After a short period, the Mk.3 passenger cars from BREL’s Derby Litchurch Lane Works completed the prototype set, which then became British Rail Class 252. The power cars, having initially been numbered 41001 and 41002, were later given the coaching stock numbers 43000 and 43001 for operating trials on the Eastern Region and subsequent transfer to the Western Region. This prototype InterCity 125 clinched the world record for traction of 143mph (230kmh) on June 12, 1973.

Following evaluation of this prototype design and a change of name to High Speed Train, British Rail placed orders for similar trains for use on the Western, Eastern, Scottish and London Midland Regions.
When originally built at BREL Crewe Works, the InterCity 125 units were considered to be diesel multiple units and allocated as Class 253 to the Western Region and Class 254 for the Eastern Region, as it was envisaged that the sets would remain in fixed formation.
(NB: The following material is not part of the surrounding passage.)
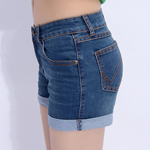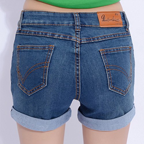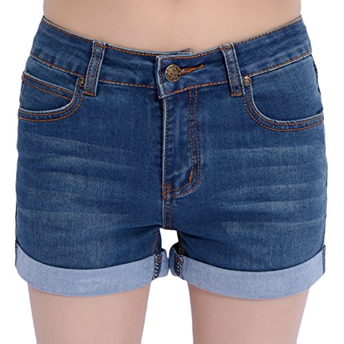 -. Title : Chouyatou Women's Basic Stretched Mid-Rise Turn-Up Cratched Denim Shorts

Those original HST’s consisted of a Driving Motor Brake (DMB), Trailer Firsts (TF), Trailer Seconds (TS), Trailer Restaurant Unclassified Kitchen (TRUK) and a Trailer Restaurant Second Buffet (TRSB). Once the Trailer Guard Second (TGS) were introduced, the later power cars had no guard’s equipment installed. By 1987 most power cars were simply classified as Driving Motor (DM), although they still had luggage van space, retaining a window by the luggage door on each side.

2016 marks the 40th Anniversary of Kenneth Grange’s archetypal high-speed locomotive and to celebrate, Hornby have produced this Anniversary set featuring 43002 and 43003 together as set 253 001. HST service commencement was Monday October 4, 1976 (although some units were running prior to this date), with full services in operation from the following day. Running an interim timetable, with accelerated schedules between Paddington and Bristol/South Wales, the fastest recorded train that year was the 16:29 service from Reading to Bristol Parkway, with an average speed of 95.7mph.